Very impressed with mine so far just set it up seems fast and android 4.3 seems good. For the money I can't complain. Need to get the HTC one x fixed and then on gumtree.


----------



## Kiashuma (May 4, 2011)

Just to add if you put a screen protector on it make sure you cut the corner off where the proximity sensor thingy is, are it goes all weird after making a call.

Had to cut the corner off mine, not happy I had applied it really well as well.

Does everyone use one on this phone? Just wondered with the gorilla glass.


----------



## robertdon777 (Nov 3, 2005)

I don't have one, can't be doing with trying to stick them on with no bubbles/dirt underneath.


----------



## Kiashuma (May 4, 2011)

Have you noticed any scratches on the screen with out using one? Tempted to not bother as well.


----------



## robertdon777 (Nov 3, 2005)

None as yet, had it 9 months


----------



## Alzak (Aug 31, 2010)

Kiashuma said:


> Have you noticed any scratches on the screen with out using one? Tempted to not bother as well.

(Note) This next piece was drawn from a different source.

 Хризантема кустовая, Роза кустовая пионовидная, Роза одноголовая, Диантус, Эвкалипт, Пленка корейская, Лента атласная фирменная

I keep my phone with home keys in my pocket and no single scratch on it after 8 months ...


----------



## Kiashuma (May 4, 2011)

Cheers, off to bin mine then


----------



## robertdon777 (Nov 3, 2005)

Personally I like to keep them without bumpers etc.

The amount of iPhones with bumpers on... I thought you purchased an Apple because of a: its slick OS and b: because its a piece of Product Design, and then you stick a great wacking ugly rubber bumper on.

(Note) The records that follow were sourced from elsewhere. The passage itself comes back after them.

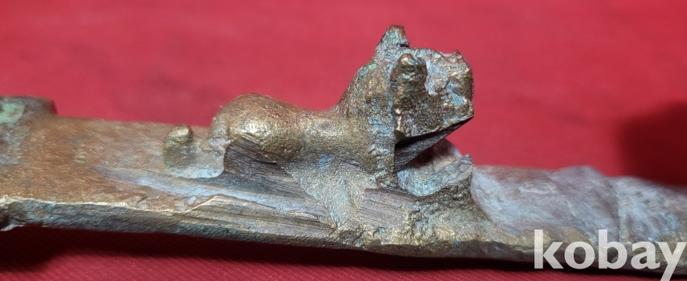 사자와 용은 황동 장식에 양각으로 돌출입니다,
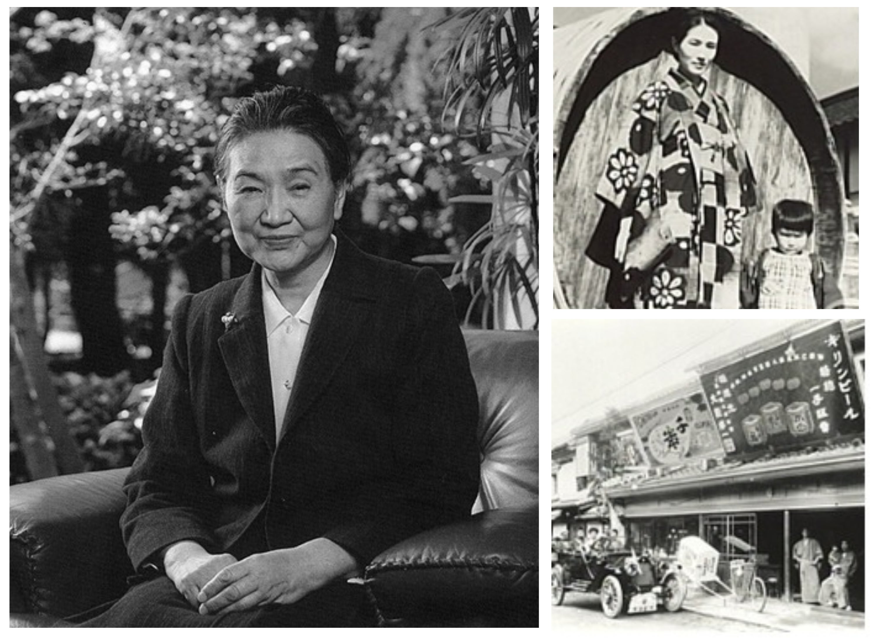 左:紅乙女酒造社長当時の林田春野 右上:若竹屋時代 右下:生家の造り酒屋
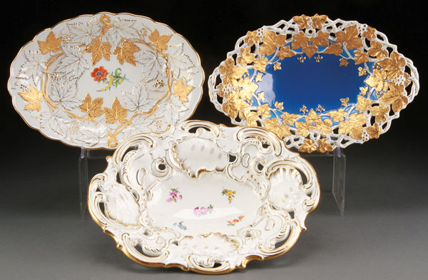 A GROUP OF THREE MEISSEN OVAL LOW BOWLS, 20TH CENTURY. Each with embossed leaf decoration heightened in gilt. The first with hand painted floral blossoms, the second with pierced rim and blue ground, the third with pierced rim and hand painted floral blossoms. The largest length 13.25 inches (33.5 cm).

It's like buying a 3 piece suite and leaving the wrapping on... Oh it will still look good in 10 years though... yeah great I've just had to sit on plastic for the last 10 years lol.


----------



## Kiashuma (May 4, 2011)

robertdon777 said:


> Personally I like to keep them without bumpers etc.
> 
> The amount of iPhones with bumpers on... I thought you purchased an Apple because of a: its slick OS and b: because its a piece of Product Design, and then you stick a great wacking ugly rubber bumper on.
> 
> It's like buying a 3 piece suite and leaving the wrapping on... Oh it will still look good in 10 years though... yeah great I've just had to sit on plastic for the last 10 years lol.


I know what you mean. I have a slim plastic case on my Nexus looks ok.

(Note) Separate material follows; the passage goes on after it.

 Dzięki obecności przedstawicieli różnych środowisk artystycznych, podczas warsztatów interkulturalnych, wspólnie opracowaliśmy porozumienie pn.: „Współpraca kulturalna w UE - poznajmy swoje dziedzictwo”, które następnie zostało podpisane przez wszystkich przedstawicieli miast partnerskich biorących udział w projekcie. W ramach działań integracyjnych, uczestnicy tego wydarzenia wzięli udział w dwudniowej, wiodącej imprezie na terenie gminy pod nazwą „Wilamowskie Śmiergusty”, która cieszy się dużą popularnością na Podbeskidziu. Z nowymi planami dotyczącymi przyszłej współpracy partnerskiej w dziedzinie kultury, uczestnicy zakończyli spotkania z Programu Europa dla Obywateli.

As you say once you have used it for 2 years or whatever, it will be worth pennies because of new tech will be out, so you will have a smart new looking phone worth nothing.


----------



## Paintmaster1982 (Oct 23, 2007)

robertdon777 said:


> Personally I like to keep them without bumpers etc.
> 
> The amount of iPhones with bumpers on... I thought you purchased an Apple because of a: its slick OS and b: because its a piece of Product Design, and then you stick a great wacking ugly rubber bumper on.
> 
> It's like buying a 3 piece suite and leaving the wrapping on... Oh it will still look good in 10 years though... yeah great I've just had to sit on plastic for the last 10 years lol.


I see what your saying. I'am ultra careful with my phones. Had a mint htc desire and only dropped it once in three years of ownership. I had a fabric wallet I kept it in which was a few quid. As you I like the look and feel of the phone etc. Now with the nexus I'am even more careful until the novelty factor wears off. Might do the same just get a fabric wallet I can put it in. Just scared if I drop it and smash the glass.


----------